It was here in Keraniganj that I met Badal Farazi, wrongfully charged by Indian courts, and eventually sent to Bangladesh. Ten years in jail for a crime, the courts knew he could not have committed. My government too scared to speak against this utter wrongness of Indian justice. Too scared to upset the big brother. Keraniganj was where top terror Joseph had been. Released through a presidential pardon, whisked away in the middle of the night and sent overseas. In my case it had taken six attempts before bail had finally been granted. They had tried to block my bail just as they had tried to stop me from sleeping on a bed, or getting access to a doctor. Even after bail was granted, they had tried to prevent my release.

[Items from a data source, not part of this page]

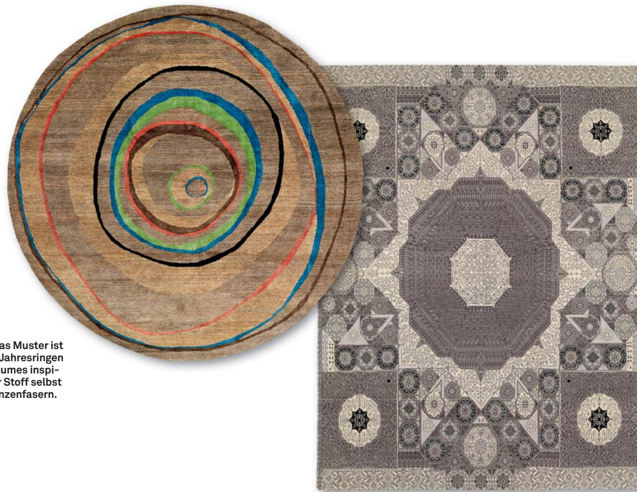
Natur: Das Muster ist von den Jahresringen eines Baumes inspiriert, der Stoff selbst aus Pflanzenfasern.
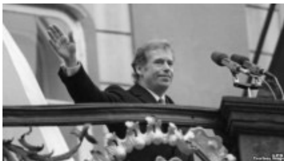
Сьв. памяці Вацлаў Гавэл
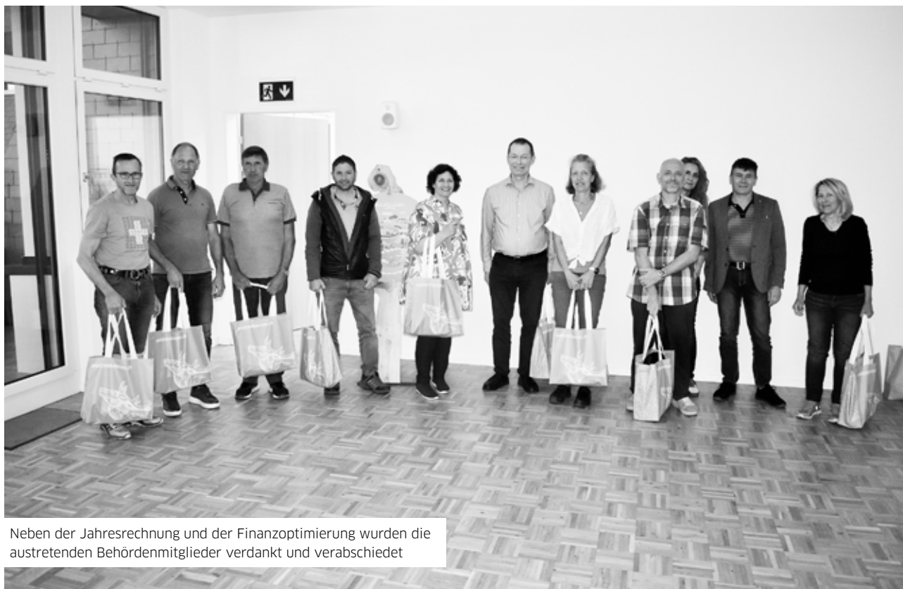
Neben der Jahresrechnung und der Finanzoptimierung wurden die austretenden Behördenmitglieder verdankt und verabschiedet

«Mogelpackung», weil es Lasten vom Kanton zu den Gemeinden verschiebe.
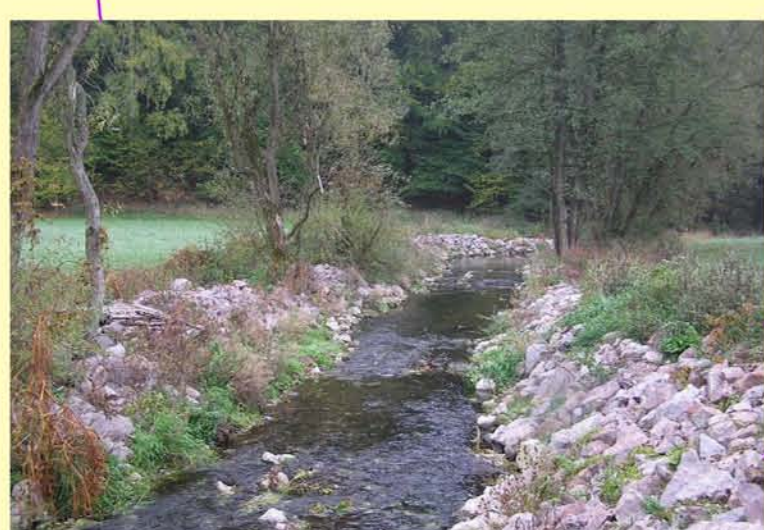
Beispiel für den Umbau eines Wehres in eine Gleite Effelder oh. Döhlau, Ersatz eines ehemaligen Bewässerungswehres durch eine flache Sohlgleite
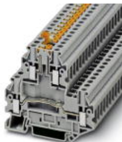
Knife disconnect terminal block, for mounting on NS 35..., color: blue, with test socket screws

Please be informed that the data shown in this PDF Document is generated from our Online Catalog. Please find the complete data in the user's documentation. Our General Terms of Use for Downloads are valid ( http://phoenixcontact.com/download )
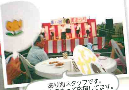
ありがとうスタッフです。うちわをもって応援してます。
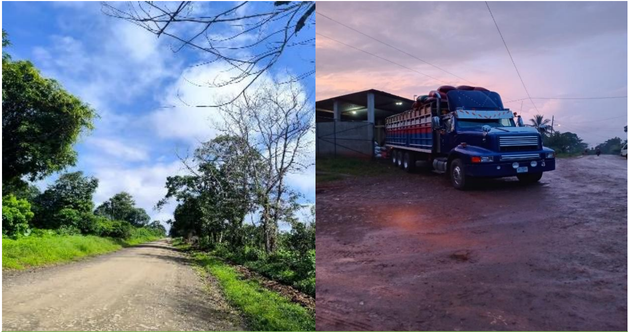
Figura 4: Vías de transporte de la comunidad Los Pintos
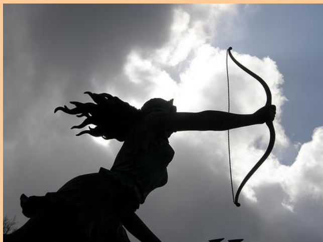
Fontana di Diana, di L. Mastrolenzi, Nemi

Far conoscere il territorio di Nemi, la sua poesia e la sua bellezza, anche a coloro che non hanno ancora avuto la possibilità di farlo, è l'intento dell' Associazione Aeneas Onlus.
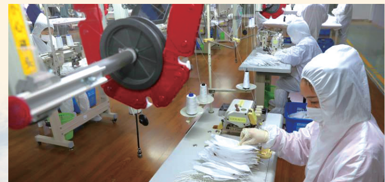
罗莱生活改造生产线,生产口罩支援防疫。
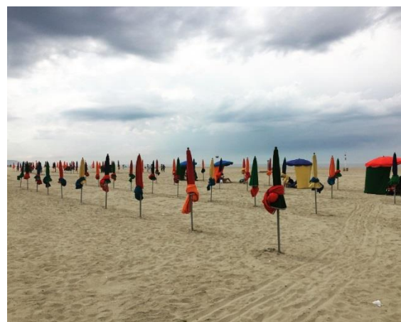
Figura 8: spiaggia di Deauville

Nel frattempo ci venivano illustrate le vicende storiche di Guglielmo il conquistatore, vicende che abbiamo potuto rivivere leggendo il magnifico arazzo di Bayeux e visitando a Caen il castello residenza del sovrano.
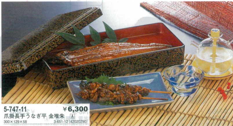
5-747-11 ¥6,300 爪掛長手うなぎ平 金堆朱 [A] 300×129×58 3-651-12 (42020290)
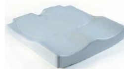
Cojín Jay Easy Visco (imagen sin funda)
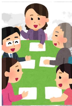
〇〇地区 地域支え合い 協議体

買い物が大変な人に、地元の商店さんが移動販売をしてくれている。でも、それを知らない人がいるかも・・・？
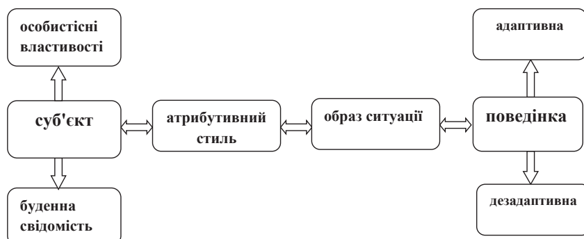
Рис. 2. Функціональна модель становлення атрибутивного стилю особистості дорослих

У досліджуваній системі взаємодії «суб'єкт – ситуація» атрибутивний стиль дорослої людини сприяє формуванню образу ситуації у свідомості суб'єкта, а отже, опосередковує вибір суб'єктом стратегії реагування, яка буде адаптивною чи навпаки, дезадаптивною. Виходячи з цієї схеми, у дослідженні становлення атрибутивного стилю дорослого можна говорити насамперед про становлення адаптивних можливостей атрибутивного стилю.
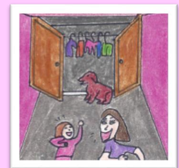
Olivia et sa mère trouvent cela drôle. Olivia retourne se coucher.

Regard9 outille les parents, les professionnels de la santé et de l'éducation par le biais de conférences, de livres, de jeux et de capsules d'information gratuites.
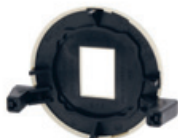
Visiering mit Bleiblende 2x3 Endo Aiming ring with lead window 2x3 endo 1 St./pc. Order No. 2130100038
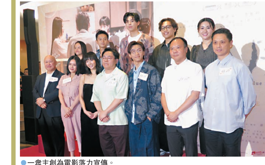
一眾主創為電影落力宣傳。

另談及導演王晶於網上節目重提舊事,指2000年拍電視劇有兩位女演員為了他爭風吃醋發生掌摑事件,網民即猜測當年在拍《美麗傳說》,兩位女演員分別是李麗珍和陳法蓉。珍妹被問及掌摑事件,她直言:「經歷那麼多年風風雨雨,我都不知道是什麼事,如果你們知道是什麼事可以講給我知。」有否經歷過王晶所說的場面?珍妹說:「應
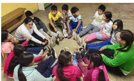
Activités de fin d'année à San Viator Collique

À la fin de l'année scolaire, 40 enfants de l'école publique Virgen de Guadalupe ont été accompagnés afin de renforcer leurs capacités en mathématiques et en communication. De même, 75 adolescents d'une autre école publique, José Gálvez, ont été accompagnés dans le domaine du tutorat afin de renforcer leurs capacités citoyennes et leurs connaissances en matière de droits humains. Dans l'atelier de pâtisserie, 50 femmes ont été formées à la fabrication de « panettones viatoriens », à l'approche des fêtes de Noël.
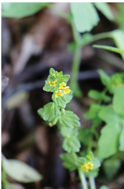
Tozzia alpina subsp. carpathica в находището ЮЗ от вр. Ком, Западна Стара планина, юли 2021 г.
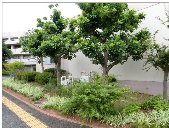
17 公共施設・公有地での緑の創出・育成 （つづきの丘小学校コミュニティハウス）
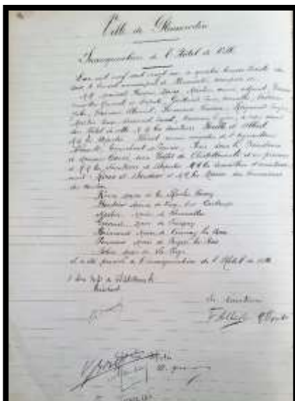
Délibération du 10 juillet 1921

On peut remarquer que la façade est directement inspirée du style Beaux-Arts mis à la mode à cette époque par l'Opéra Garnier ou la gare d'Orsay à Paris.
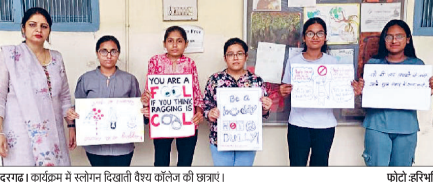
बहादुरगढ़। कार्यक्रम में स्लोगन दिखाती वैश्य कॉलेज की छात्राएं।
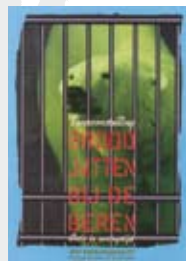
Brood jatten bij de beren. Artis in oorlogstijd was de best lopende wiselententoonstelling in de geschiedenis van het museum.
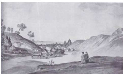
Рисунок 1. – Облик города XVII в.

Жилая архитектура XVII–XIX в. Представление о жилой архитектуре XVII города Могилёва более точное (рис. 1). Некоторые данные о городе даёт описание путешественника Петра Толстого, Бернанда Таннера, академика В. Севергина. Из их слов можно представить город, где было много богатых мещанских домов с украшенными фасадами лепниной и живописью. В задубровенской части города сохранился пример такого дома, его фасад украшен орнаментальной декорацией.
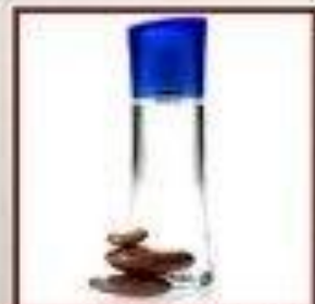
"Велосити для Него"
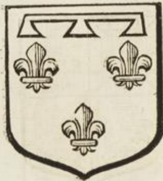
De France au lambel de 3. pendans d'argent.

L E comté de Valois fut érigé en duché & pairie au mois de juillet 1406. en faveur A de LOUIS duc d'Orleans. Voyez cy-devant chapitre XX. page 235.
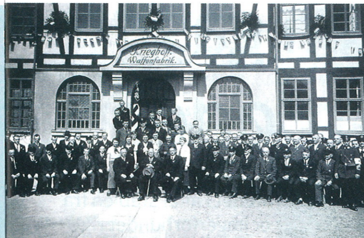
Krieghoff-fabrikens medarbejdere samlet på "Tag der Arbeit" foran fabrikken den 1. maj 1934. Bemærk de tre fra Krieghoff-familien i forgrunden.

Selvom konkurrencen fra Perazzi har været betydelig, er K-80 stadig det ultimative til trap, skeet og sporting i USA. Modeludviklingen er baseret på en førkrigs-"Remington Model 32", som en amerikaner havde med til Krieghoff i 1954 for at få lavet en lignende model til salg i USA. Krieghoffs model kom til at hedde K-32, og i 1980 blev denne opgraderet til K-80, der har endnu bedre aftræksmekanisme, letvægtsløb, gedigent design og meget fin balance. Den er kendt for stor robusthed og slidstyrke og den måske bedste aftræksmekanisme af alle. En variant kaldet K-80 Par-
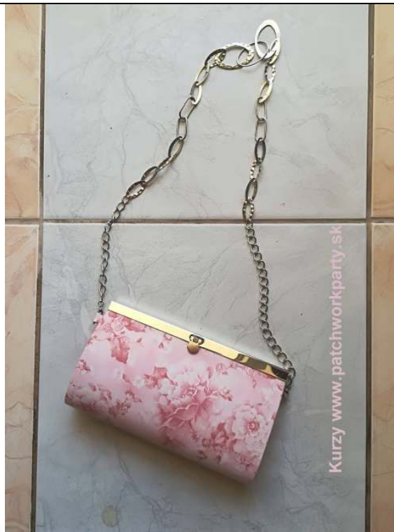
Kurzy www.patchworkparty.sk Listová kabelka k saku – autor: Anka Zimová
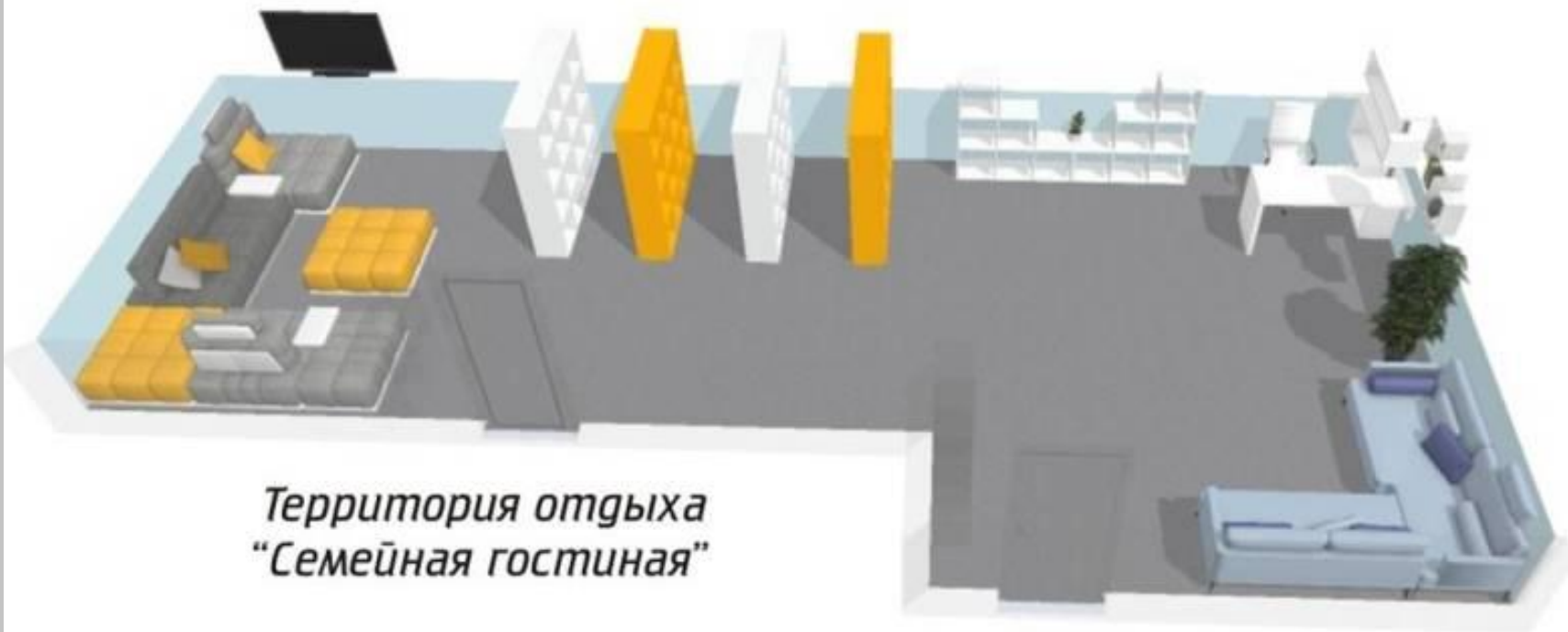
Территория отдыха "Семейная гостиная"
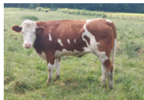
N°32 - URIMOLE
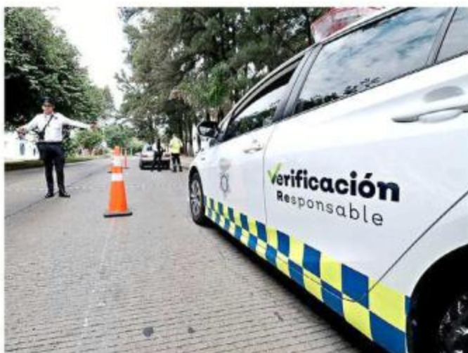
Los morenistas afirman que el operativo es hostigamiento a la gente de Jalisco.

Desde el 3 de octubre legisladores locales morenistas y del PRI habían criticado las infracciones por no verificar, las cuales también han causado inconformidad de ciudadanos; sin embargo, ahora los diputados coordinados por Martínez presentaron ante el Legislativo local una iniciativa que, de ser respal-
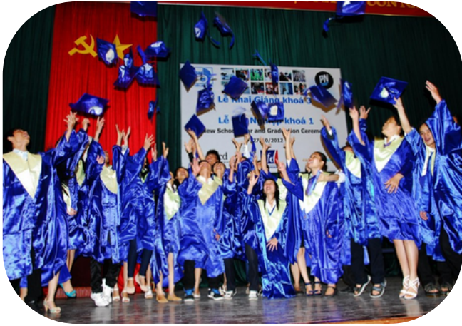
Cựu sinh viên khóa 2010-2012

BẠN CÓ BIẾT?: Trước đây, chương trình của PNV chỉ kéo dài 2 năm hệ Trung cấp. Từ năm 2017, PNV quyết định nâng cấp chương trình đào tạo lên hệ Cao đẳng để các sinh viên của mình có thể thêm cơ hội cạnh tranh khi tiến ra thị trường lao động.
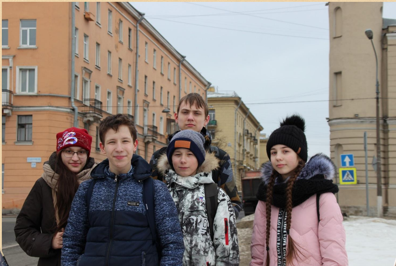
г. Санкт-Петербург 2018 года
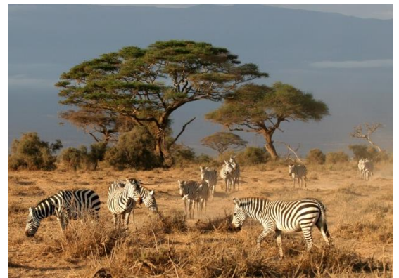
Photo dans son milieu de vie
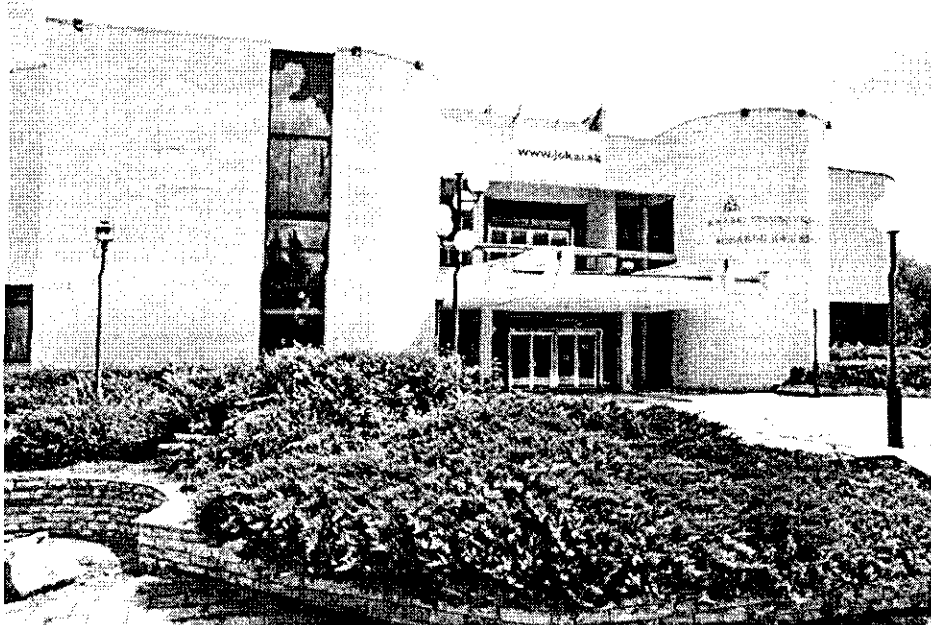
Javában tart a bérletvásár a Komáromi Jókai Színházban

But we triumphed in the end, and we held hands and sang songs as I left the jail gate. The case still hangs over my head and the threat of bail being withdrawn is the threat they hope will silence my tongue, my pen and my camera. But the ink in our pens still run. The keyboards still clatter.

Yesterday we were in Dhakeswari Mandir. It was Taposh and Haimanti’s daughter Riddhi’s ‘mukhe bhat’, her first solid food. As they lit candles and circled the tulshi plant, I wondered if they would dig up the temple because they had heard of a mosque underneath. One more mosque to add to the 500 our prime minister has promised using Saudi money.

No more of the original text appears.